The Paradise for Children is one of the alternative titles or alternative versions of Nathaniel Hawthorne’s retelling of the Pandora myth that appears in his 1851 children’s book A Wonder Book for Girls and Boys. The standard version of the story in the Wonder Book is titled The Paradise of Children, and this slight title variation either represents an alternative edition of the same story or a closely related retelling that Hawthorne produced.

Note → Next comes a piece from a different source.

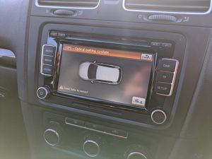 'Lights On' Reminder warning buzzer, Bluetooth Telephone preparation, Brake pad wear indicator warning light, Cruise control, Exterior temperature gauge, Multifunction computer - Highline, PAS - speed related, Rev counter, Trip and service interval display, Ultrasonic front and rear optical and audible parking sensors, Warning buzzer and light for front seatbelts unfastened, Automatic illuminating hazard lights in sudden deceleration, Body colour bumpers, Body colour door handles, Body colour door mirrors with integral indicators, Chrome trimmed radiator grille louvre inserts, Electric front windows, Electric rear windows, Electrically adjustable and heated door mirrors, Green tinted heat insulating glass, Heated rear window, Range adjustable headlights, Rear windscreen washer and wiper with interval delay, Twin exhaust tailpipe, Windscreen wipers/ intermittent wipe + 4 position delay, 12V socket in luggage compartment, 3 rear headrests, 60/40 split folding rear seat, Bag hook in luggage compartment, Boot lashing points, Courtesy light delay, Cover for storage compartment in centre, Dust/pollen filter, Front centre armrest with storage box and rear air vents, Front comfort seats with height/lumbar adjust, Front cupholders x 2, Grab handles, Height/reach adjust steering wheel, Illuminated vanity mirrors, Independent front and rear reading lights in chrome surround, Isofix preparation for 2 rear child seats, Leather steering wheel/gearknob/handbrake grip, Load through provision, Lockable, illuminated, cooled glovebox, Luggage compartment cover, Luggage compartment lighting, Multi function steering wheel, Rear cupholder, Seatback storage, Storage box in luggage compartment, Storage compartment in roof console with cover, Storage compartments in doors, White adjustable panel illumination, Convenience Pack - Golf, Smoking pack - Golf, 3 point height adj front seatbelts + pretensioners, 3 rear 3 point seatbelts, ABS, Auto hold function, CBA, Door open warning reflectors, Driver/Front Passenger airbags, Driver/Passenger whiplash optimised head restraints, Drivers knee airbag, ESP with EDL + ASR, Front and rear curtain airbags, Front passenger airbag deactivation, Front side airbags, Hydraulic Brake Assist (HBA), Two tone horn, Alarm with interior protection, Electronic engine immobiliser, Remote central locking with 2 remote folding keys, Speed sensitive auto door locking (can be switched off), Chrome plated instrument surrounds, Chrome-plated light switch surround, Pyramid black decorative inserts, Steel space saver spare wheel

The Pandora myth as Hawthorne renders it for young readers takes the classical Greek story and adapts it to the children’s literature tradition of the period. In the Wonder Book version, the central characters are children rather than adults, with Pandora and her companion Epimetheus being the only people in the world and living in a paradise where work, suffering, and trouble do not exist. The mysterious box that Mercury has left in their care contains all of the troubles that have not yet entered human life, and Pandora’s eventual opening of the box releases these troubles into the world while also leaving the gift of hope inside.
Hawthorne uses the children focused retelling to develop the moral material of the original myth in ways accessible to young readers. The wider Wonder Book frame, with young Eustace Bright telling the story to a group of children at the Tanglewood estate, provides the structural context for the retelling.
For families with young children encountering Greek mythology for the first time, the Pandora story in either of its Wonder Book variants is one of the most beloved entries in the wider collection. For students of nineteenth century American children’s literature or of Hawthorne’s wider catalogue, the various retellings are essential.